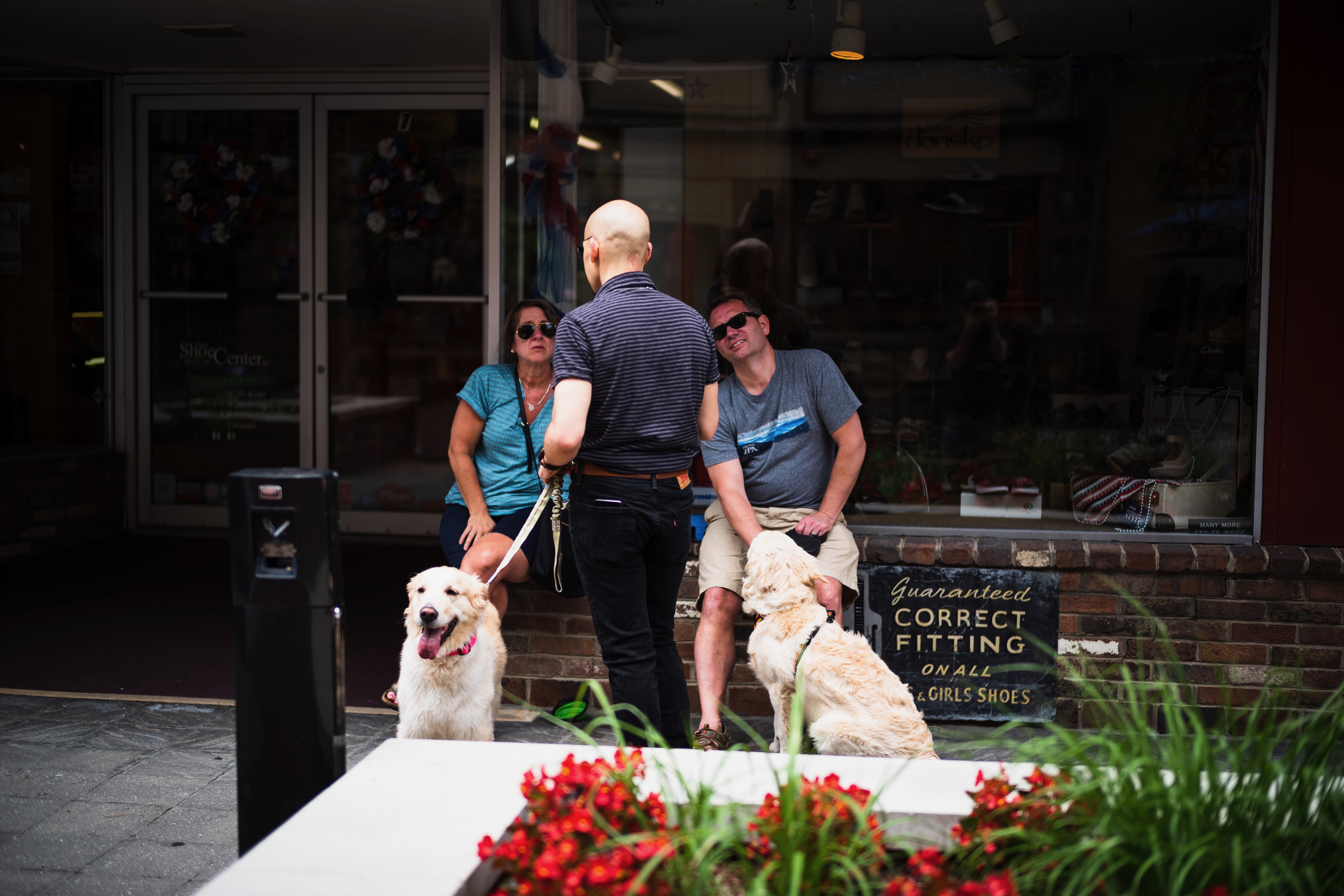 In a vibrant urban setting, two people relax on a bench while engaging in conversation with a man holding two leashes to golden retrievers. The interaction is lively and friendly, with plants and flowers adding a splash of color to the scene. Soft, diffused lighting enhances the casual atmosphere, creating a moment of warmth and camaraderie in the heart of the city.
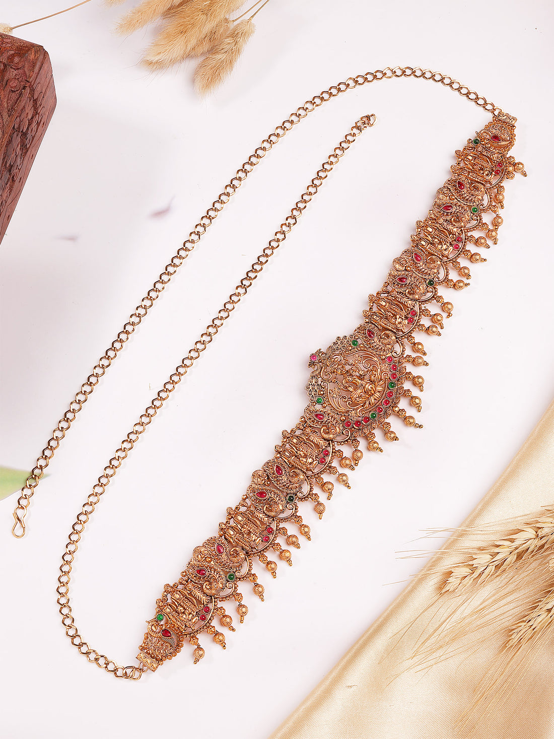Highlights: What’s Included: 1 Kamarbandh Dimensions: Kamarbandh Length: 32.8 cm, Width: 5.5 cm; Chain Length:...
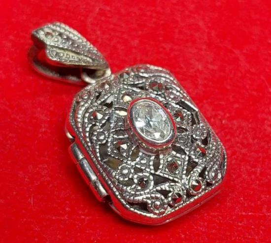 จี้ล็อคเก็ตสไตล์วิกตอเรียนทำจากเงินแท้ ประดับมาร์คาไซต์และหินใสตรงกลาง |
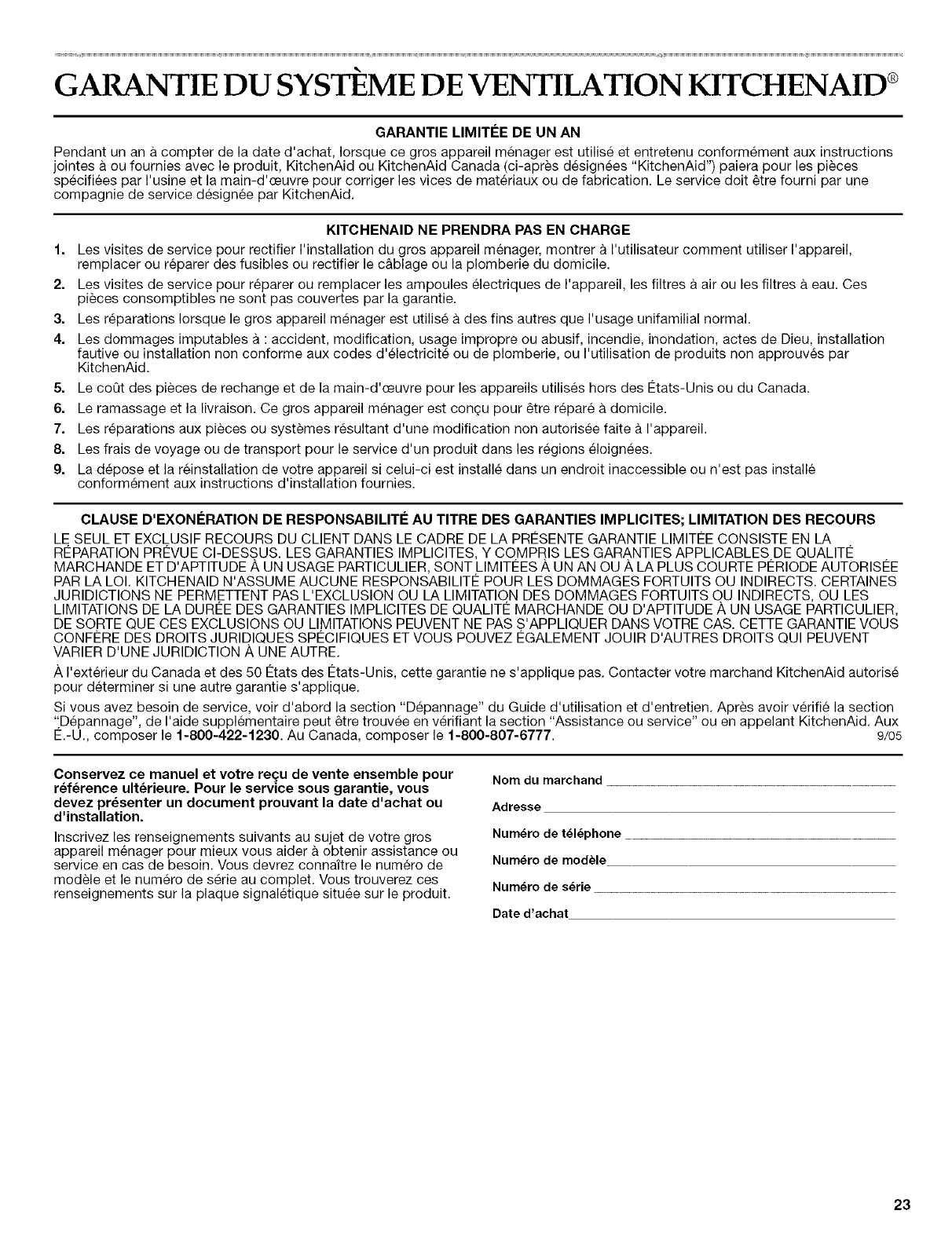 GARANTIE DU SYSTEME DE VENTILATION KITCHENAID ®
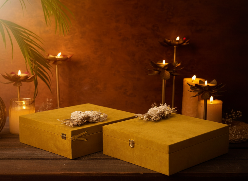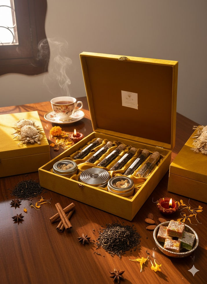 Wrapped in a vibrant mustard yellow suede hamper, this gift is an invitation to pause — to leave behind the noise of the day and steep yourself in moments that are wholly your own.
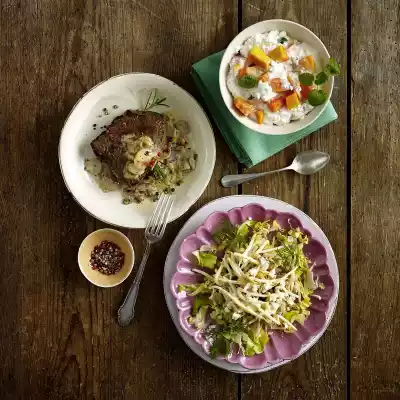 Remove the meat, wrap it in aluminium foil and let it rest for a short time. Add mushrooms, onion and peppercorns to the pan. Fry for approx. 5 minutes, turning. Season with salt. Add cream and bring to the boil.
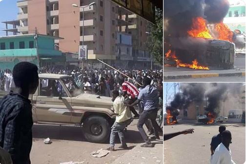 تنتشر الآن في شوارع الخرطوم ومناطق متفرقة من السودان، معدات عسكرية ثقيلة ودبابات وقوات نظامية ضخمة من المجندين في مناطق متفرقة، وقناصة يعتلون المباني المحيطة بالقصر الرئاسي، بالتزامن ...
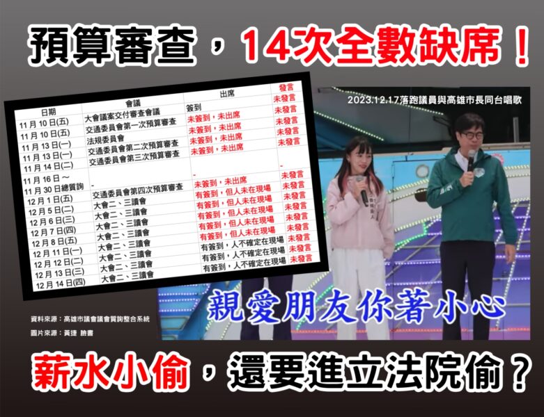 議會預算審查,14次會議竟全數缺席!林于凱痛批黃捷是「薪水小偷」!
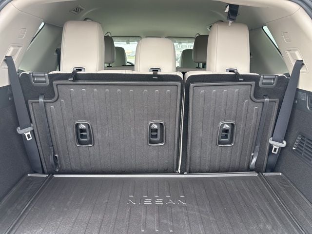 Cargo Package (Cargo Area Protector, Cargo Net, and First Aid), 18 Machined Alloy Wheels, 3rd row seats: bench, 4-Piece Black Splash Guards, 4-Wheel Disc Brakes, 6 Speakers, ABS brakes, Air Conditioning, Alloy wheels, AM/FM radio: SiriusXM w/360L, Auto High-beam Headlights, Auto-dimming Rear-View mirror, Automatic temperature control, Bench Seat Carpeted Floor Mats, Brake assist, Bumpers: body-color, Cross Bars, Delay-off headlights, Driver door bin, Driver vanity mirror, Dual front impact airbags, Dual front side impact airbags, Electronic Stability Control, Emergency communication system: NissanConnect Services, Four wheel independent suspension, Front anti-roll bar, Front Bucket Seats, Front Center Armrest, Front dual zone A/C, Front reading lights, Fully automatic headlights, Garage door transmitter: HomeLink, Heated door mirrors, Heated Front Bucket Seats, Heated front seats, Heated steering wheel, Illuminated entry, Knee airbag, Low tire pressure warning, NissanConnect featuring Apple CarPlay and Android Auto, Occupant sensing airbag, Outside temperature display, Overhead airbag, Overhead console, Panic alarm, Passenger door bin, Passenger vanity mirror, Power door mirrors, Power driver seat, Power Liftgate, Power steering, Power windows, Radio data system, Radio: AM/FM Audio System with NissanConnect, Rear air conditioning, Rear anti-roll bar, Rear reading lights, Rear seat center armrest, Rear side impact airbag, Rear window defroster, Rear window wiper, Reclining 3rd row seat, Remote keyless entry, Security system, Speed control, Speed-sensing steering, Split folding rear seat, Spoiler, Steering wheel mounted audio controls, Tachometer, TailorFit Appointed Seating Surfaces, Telescoping steering wheel, Tilt steering wheel, Traction control, Trip computer, Turn signal indicator mirrors, and Variably intermittent wipers. Price includes: $3500 - Nissan Customer Cash. Exp. 05/04/2026

----------

Repeat exactly the lines from the one containing "議會預算審查,14次會議竟全數缺席!林于凱痛批黃捷是「薪水小偷」!" through the last line of the records above, both included, and leave out the pictures.

- [Result for this exercise]:
 議會預算審查,14次會議竟全數缺席!林于凱痛批黃捷是「薪水小偷」!
 Cargo Package (Cargo Area Protector, Cargo Net, and First Aid), 18 Machined Alloy Wheels, 3rd row seats: bench, 4-Piece Black Splash Guards, 4-Wheel Disc Brakes, 6 Speakers, ABS brakes, Air Conditioning, Alloy wheels, AM/FM radio: SiriusXM w/360L, Auto High-beam Headlights, Auto-dimming Rear-View mirror, Automatic temperature control, Bench Seat Carpeted Floor Mats, Brake assist, Bumpers: body-color, Cross Bars, Delay-off headlights, Driver door bin, Driver vanity mirror, Dual front impact airbags, Dual front side impact airbags, Electronic Stability Control, Emergency communication system: NissanConnect Services, Four wheel independent suspension, Front anti-roll bar, Front Bucket Seats, Front Center Armrest, Front dual zone A/C, Front reading lights, Fully automatic headlights, Garage door transmitter: HomeLink, Heated door mirrors, Heated Front Bucket Seats, Heated front seats, Heated steering wheel, Illuminated entry, Knee airbag, Low tire pressure warning, NissanConnect featuring Apple CarPlay and Android Auto, Occupant sensing airbag, Outside temperature display, Overhead airbag, Overhead console, Panic alarm, Passenger door bin, Passenger vanity mirror, Power door mirrors, Power driver seat, Power Liftgate, Power steering, Power windows, Radio data system, Radio: AM/FM Audio System with NissanConnect, Rear air conditioning, Rear anti-roll bar, Rear reading lights, Rear seat center armrest, Rear side impact airbag, Rear window defroster, Rear window wiper, Reclining 3rd row seat, Remote keyless entry, Security system, Speed control, Speed-sensing steering, Split folding rear seat, Spoiler, Steering wheel mounted audio controls, Tachometer, TailorFit Appointed Seating Surfaces, Telescoping steering wheel, Tilt steering wheel, Traction control, Trip computer, Turn signal indicator mirrors, and Variably intermittent wipers. Price includes: $3500 - Nissan Customer Cash. Exp. 05/04/2026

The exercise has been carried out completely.